Colin Farrell and Ed Harris in The Way BackTHE WAY BACK

If it weren't saddled with such a clunky, prosaic script, The Way Back might've really been something. Director Peter Weir's drama tells the "true" story of a group of World War II prisoners who escaped a Soviet gulag and attempted a 4,000-mile walk to freedom in India, and while the veracity of author Slavomir Rawicz's The Long Walk - the 1956 bestseller on which this film is based - has been widely discredited, the movie still boasts a formidable amount of gut-level power. There are few working directors so extraordinarily gifted at composition and the employment of sound (or lack thereof), and Weir, in his first movie since 2003's Master & Commander, continually reminds you that he's a master, as well - the haunting, resplendent images and evocative man-versus-nature sequences are stunning to behold. You don't need speech when Weir and cinematographer Russell Boyd deliver such sights as the jaw-dropping appearance of a life-sustaining lake, or the heartbreaking serenity on the face of a prisoner frozen in the snow, and the sound effects and Burkhard Dallwitz's subtly magisterial score offer aural wonders to match the visual ones; The Way Back delivers poetry without the verbiage.
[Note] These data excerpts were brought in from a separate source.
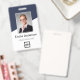 Personnalisez facilement ce nom d'employé personnalisé et badge photo avec votre propre logo d'entreprise et code qr ou code à barres. Disponible avec différentes couleurs et pièces jointes arrière - plans. Pas de quantité minimale de commande.
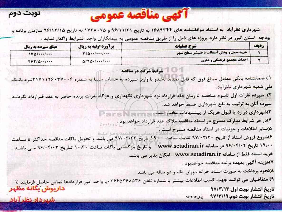 شهرداری نظرآباد در نظر دارد پروژه های ذیل را از طریق مناقصه عمومی به پیمانکاران واجد الشرایط واگذار نماید
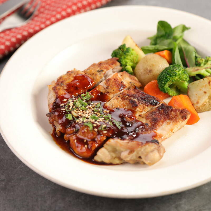 フライパンにサラダ油を入れ中火で熱し、<3>を皮目から焼く。ヘラなどで鶏肉を押し付けながら焼き皮をパリっとさせる。
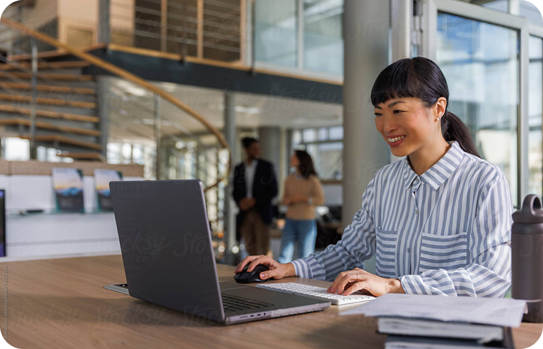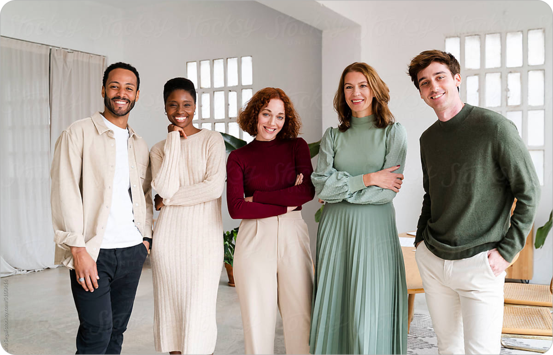 Photography has a light and airy aesthetic, using natural lighting to create optimistic atmosphere, while pops of brand color add energy. Compositions are clean and uncluttered, keeping the focus on people in modern work settings. Neutral backdrops ensure clarity and balance. Skin tones remain honest with minimal retouching, reinforcing authenticity.
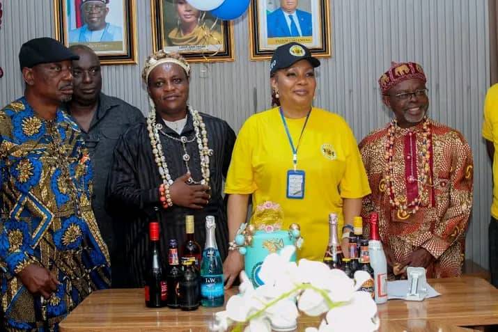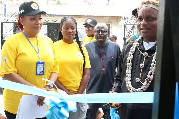 Official inauguration of BCAF HOUSE by the Paramount Ruler of Etinan His Royal Highness Edidem A. M. Akpanobong flanged by the President Lady Ann Sagbe and other dignitaries.

But oh, the damned verbiage of this thing! When the dialogue in Weir's and Keith R. Clarke's script isn't underlining events that are already painfully obvious ("We can't see anything! The snow is blinding us!"), it's likely in service of blandly inspirational pronouncements, or halfhearted attempts at revealing character - the funny one of the group is actually called "the funny one" - or knee-jerk attempts to instill audience-friendly gags into a decidedly unamusing trek. (When the starving prisoners made a meal of a desert snake, I was praying that none of them would break the silence by cracking, "Tastes like chicken." So much for prayers.) Yet even ignoring the dialogue, the script routinely fails. Several of the most seemingly important plot points, such as the climactic journey over the Himalayas, are oddly glossed over, and there's a surfeit of meaningless religious symbolism that just gets in the way of the characters' harrowing escapades; Saoirse Ronan's Polish waif is even bedecked with a figurative crown of thorns, just like Robert Sean Leonard's tortured thespian in Weir's Dead Poets Society. Considering all this, the actors, including Jim Strugess, Mark Strong, and Dragos Bucur, don't stand much of a chance - giving a default-mode performance, the grimly intense Ed Harris is Ed Harris-ier than you've ever before seen him - and the only one who truly comes alive in The Way Back is Colin Farrell, mostly because his entertaining, tough-guy mugging as a Russian criminal seems to belong to a different movie altogether. I kind of wish I could've seen that one.